Mechanical nociceptive testing was carried out at four sites around each horn bud (rostal, caudal, lateral, and medial) at 0 (prior to injection), 5, 15, and 30 min and 1, 1.5, 2, 4, 6, 8, 10, 12, 24, 36, and 48 h after drug administration using a handheld pressure algometer (FPX 25, Wagner Instruments, Greenwich, CT, USA) with a 4 mm-diameter round stainless-steel tip. One researcher (with whom the calves were familiar) gently manually restrained the calf and held the head whilst a second researcher carried out the testing. The probe was placed gently on the horn bud without applying force. If calves reacted immediately to the placement of the probe the procedure was repeated. If calves did not respond immediately to the placement of the probe force was applied and manually increased until either the animal responded (any attempted movement of the head away from the probe or head shaking was considered a positive withdrawal response) or a predetermined cut-off force was reached (12.0 N). The minimum value recorded prior to treatment (baseline) was 3.2 N and the maximum was 12.0 N. The same evaluator, who was blinded to treatments, carried out the mechanical nociceptive testing for all calves. Calves remained in the pen with their cohort for the duration of testing.

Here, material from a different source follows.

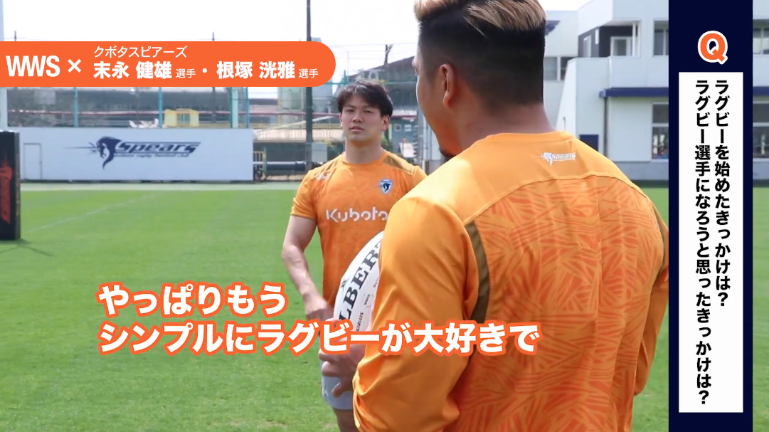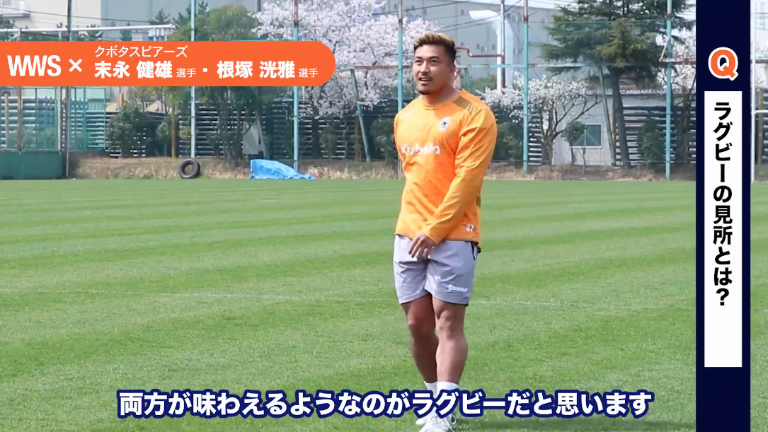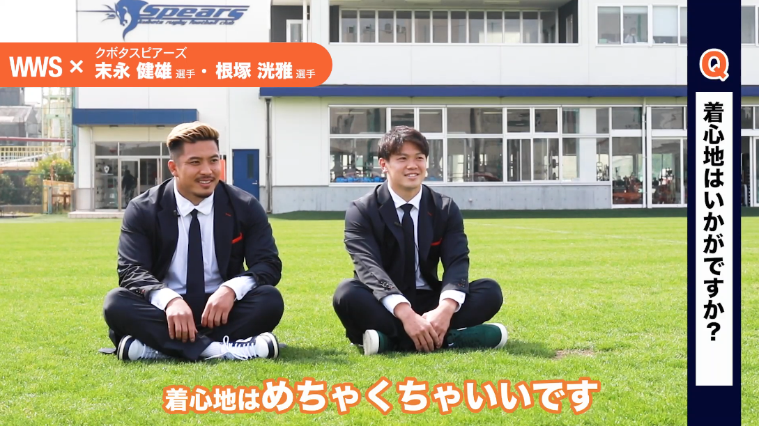 また、クボタスピアーズ船橋・東京ベイが、今年開幕したジャパンラグビーリーグワンの初回王者を決定するプレーオフに出場することを記念して、若手注目選手である末永健雄選手と根塚洸雅選手の独占インタビュー動画をWWS公式YOUTUBEチャンネルにて公開いたします。ラグビーへの想いやリーグワンへの意気込みなど選手としての一面だけではなく、子供のころのお話や洋服の好みなどプライベートな一面も垣間見えるインタビューとなっています。

Blood samples (5 mL in heparinized tubes) were collected from BUP-SAIB calves at 0 (prior to administration), 15, 30 min and 1, 2, 4, 6, 8, 12, 24, 36, and 48 h after administration of the formulation for analysis of plasma bupivacaine concentration. Approximately 2 mL of blood was withdrawn from the catheter in a separate syringe (to be discarded) before collection of the sample for analysis. The catheter was then flushed with 2 mL of heparinized saline. In the event of loss of catheter or blockage, blood samples were collected directly from the opposite jugular vein. Immediately after collection, blood samples were cooled on ice and plasma was separated and stored at −20°C.

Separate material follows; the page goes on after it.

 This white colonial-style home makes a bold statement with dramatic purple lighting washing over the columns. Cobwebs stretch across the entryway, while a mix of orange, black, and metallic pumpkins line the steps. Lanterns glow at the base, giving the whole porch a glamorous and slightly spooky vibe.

Animals were observed for signs of pain or local anesthetic toxicity such as sedation, ataxia, and convulsion during injection and at 0.5, 1, 2, 4, 6, 8, 24, 36, and 48 h following injection. At the end of the study, calves were euthanized by captive bolt stunning followed by exsanguination and the site of injection was observed for adverse effects.

Determination of plasma concentrations

The concentrations of bupivacaine in the plasma samples collected following the administration of the bupivacaine-SAIB formulation were measured using a modified HPLC method previously reported by Danielsson et al. (21). Standard stock solutions (1 mg/mL) of bupivacaine were prepared by dissolving the bupivacaine in methanol, and the working standard solutions were prepared by serially diluting the standard stock solutions in water. Calibration standards (50–1,000 ng/ml) and quality control samples (50, 250, and 1,000 ng/mL) were freshly prepared by adding working standard solutions to pooled calf plasma collected from calves before treatment.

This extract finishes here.